● Task requirements
Your task is to print, exactly and only, the lines from the start of the entries below through the line with "High Street American". Include both ends, but skip the pictures.

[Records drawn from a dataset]
☆ ☆ ☆ ☆

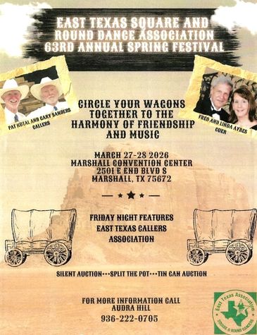 Bossier City, LA 5400 Benton Rd. Southern Swingers has workshops Tuesdays from 7:00-9:30 PM. All PLUS last 30 minutes. Club Caller: Joey Duhamel. Saturday dance each month on 2nd Saturday 7:00 - 9:30 p.m. 2 1/2 hours of Square Dancing. For Round dance schedule please see Red River Rounders below. Visit our Facebook page, Southern Swingers Square Dance, email sssquaredance@gmail.com, or call Valerie Watts, President 318-469-4311.
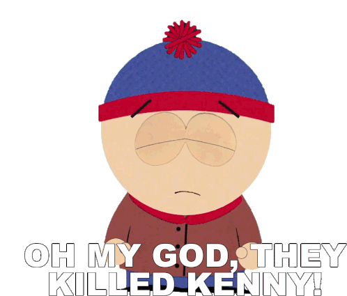Stan Marsh reacts in shock, exclaiming "Oh my God, they killed Kenny!" in this iconic South Park moment.
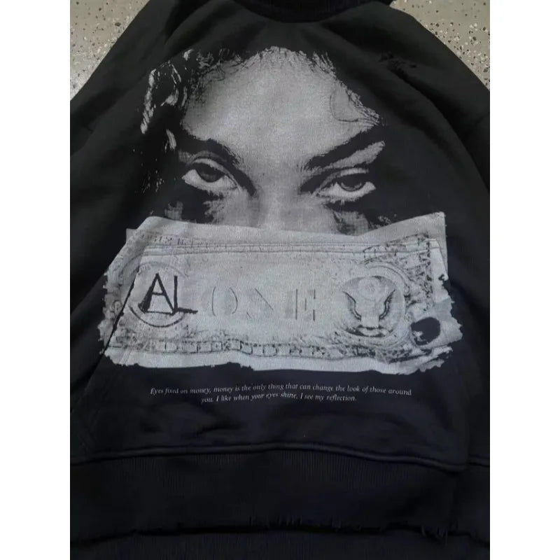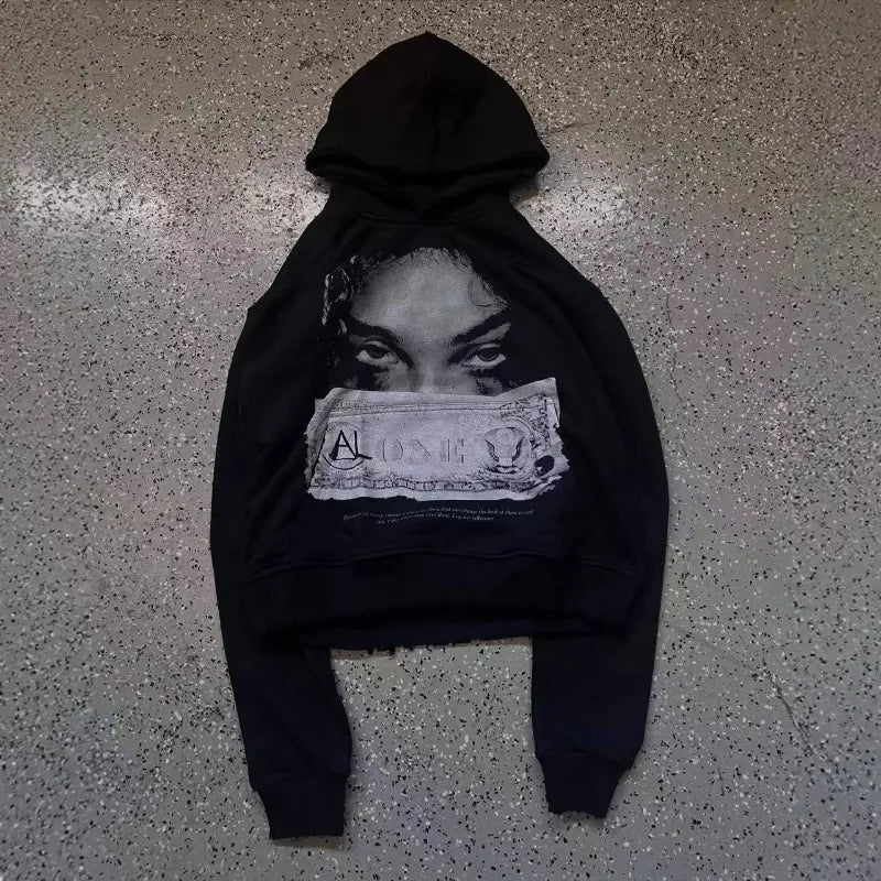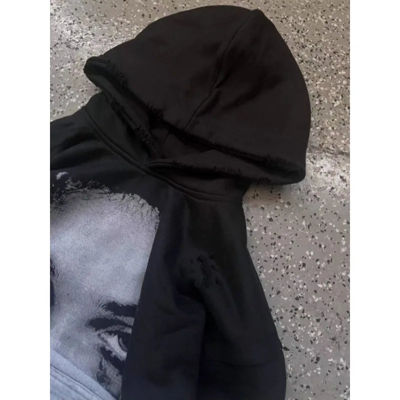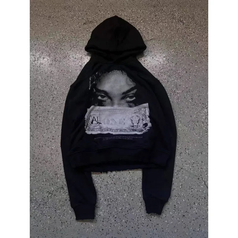 High Street American Style Face Print Oversized Hoodie for Women
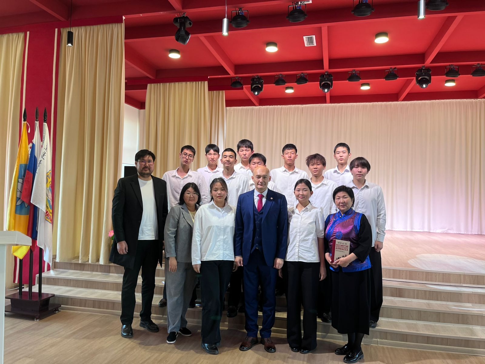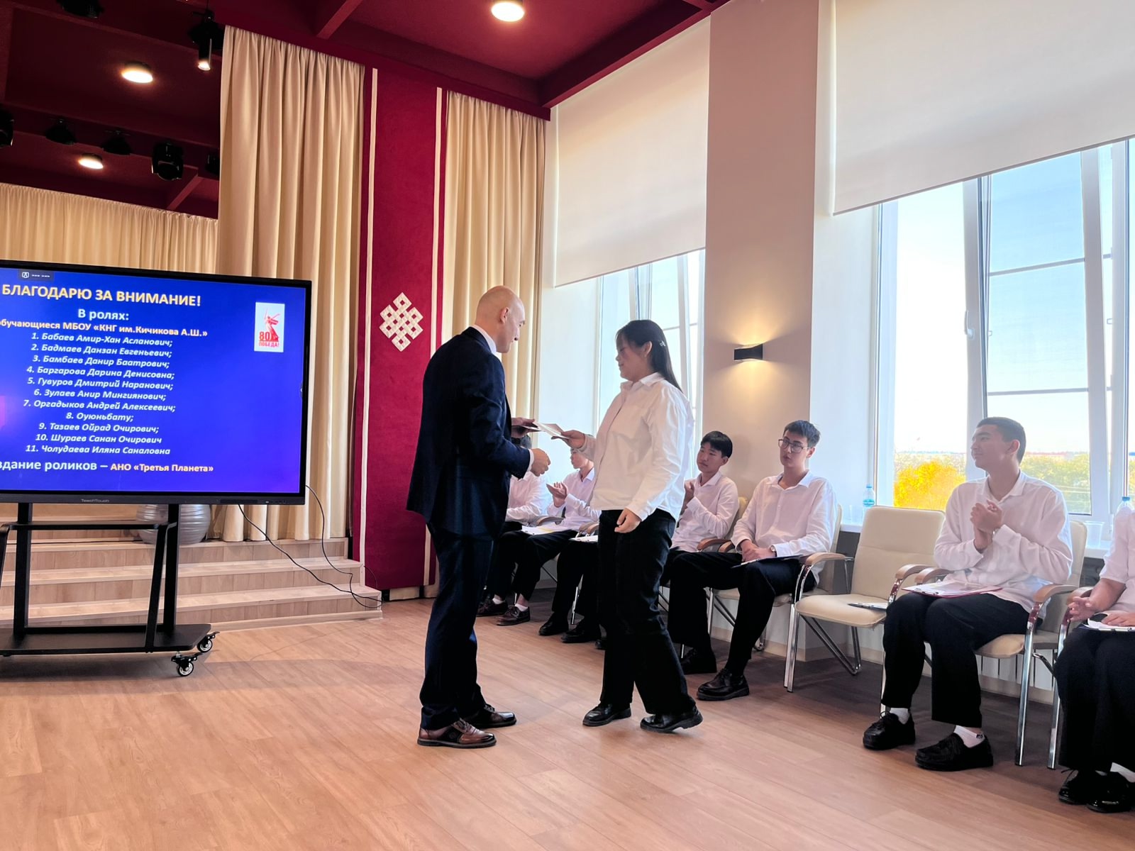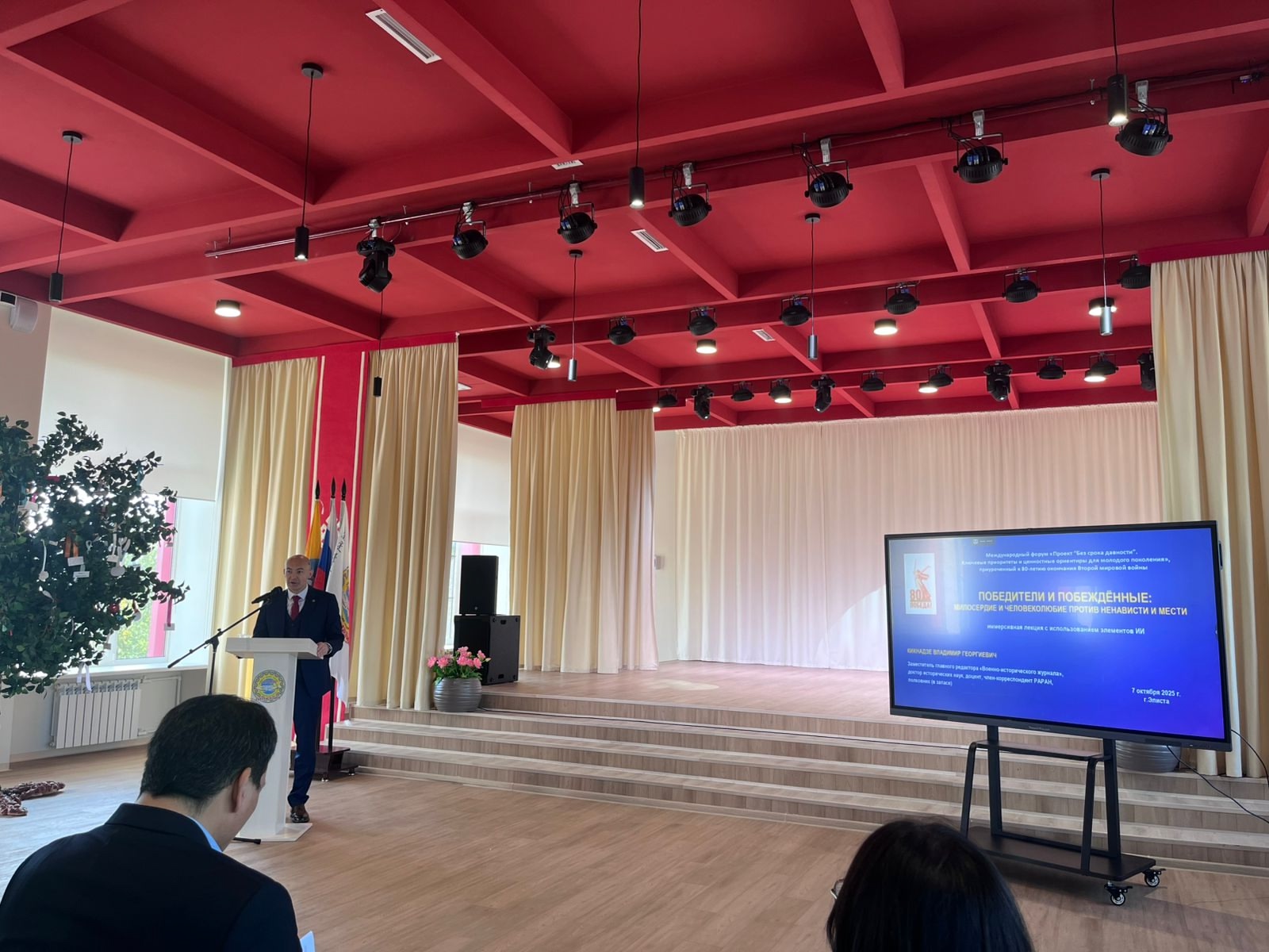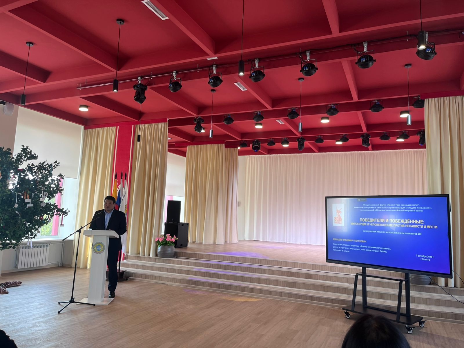 7 октября в Калмыцкой национальной гимназии состоялась иммерсивная лекция с элементами искусственного интеллекта на тему «Милосердие и человеколюбие против ненависти и мести (победители и побежденные во Второй мировой войне)», организованная для старшеклассников гимназии и учителей истории образовательных организаций г. Элисты. Лекцию проводил доктор исторических наук, кандидат военных наук, доцент, полковник, член-корреспондент Российской академии ракетных и артиллерийских наук, заместитель директора Департамента государственной политики в сфере воспитания, дополнительного образования и детского отдыха Министерства просвещения Российской Федерации Владимир Григорьевич Кикнадзе.
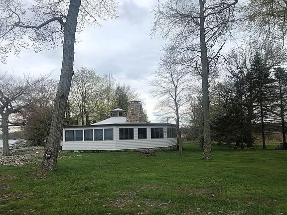 Fabulous one of a kind octagonal lakeside 4 season cottage with stunning panoramic views of Lake Ontario! Come check out this Historic and rare Lake Home built by true artisans with lodge style wood crafting and stone Poured foundation! This beauty features a cozy kitchen, large dining area with views and 3 spacious en-suite bedrooms with Italian porcelain tile baths and new fixtures! Don't forget the Magnificent center great room with hand-hewed black walnut beams and vaulted ceiling and a large fieldstone fireplace with heatilator all illuminated with an octagonal window cupola by day and an authentic ship's wheel chandelier with brass lanterns by night. Complete and total renovation in 2010 including a new LP furnace, New insulation and sheetrock, Anderson windows and doors, like new stone facade and grey vinyl cedar siding! Stunning Wrap around inside porch with new whitewashed pickled bead board walls and the most amazing Lake Ontario views you could ask for! Large .41 acre spacious semi private yard with reinforced seawall, extra lot across road for more parking and spacious 2 car garage for extra storage is available for an extra $30K! Municipal water is available!
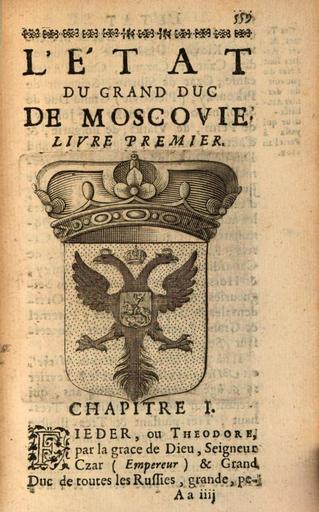 | Keywords: Russian COA 1680.png ru Ге б Фёдо а Алексеевича ца я и великого князя Всея России из книги Pierre Scévole de Sainte Marthe L'état de l'Empire d'Angleterre de Dannemarc Suede Pologne et Moscovie Paris 1680 http //books google ru/books id McsMAAAAYAAJ hl ru source gbs_navlinks_s author 1680 PD-old-100 Coats of arms of the Tsardom of Russia |

☆ ☆ ☆ ☆

● Written answer
 Bossier City, LA 5400 Benton Rd. Southern Swingers has workshops Tuesdays from 7:00-9:30 PM. All PLUS last 30 minutes. Club Caller: Joey Duhamel. Saturday dance each month on 2nd Saturday 7:00 - 9:30 p.m. 2 1/2 hours of Square Dancing. For Round dance schedule please see Red River Rounders below. Visit our Facebook page, Southern Swingers Square Dance, email sssquaredance@gmail.com, or call Valerie Watts, President 318-469-4311.
Stan Marsh reacts in shock, exclaiming "Oh my God, they killed Kenny!" in this iconic South Park moment.
 High Street American Style Face Print Oversized Hoodie for Women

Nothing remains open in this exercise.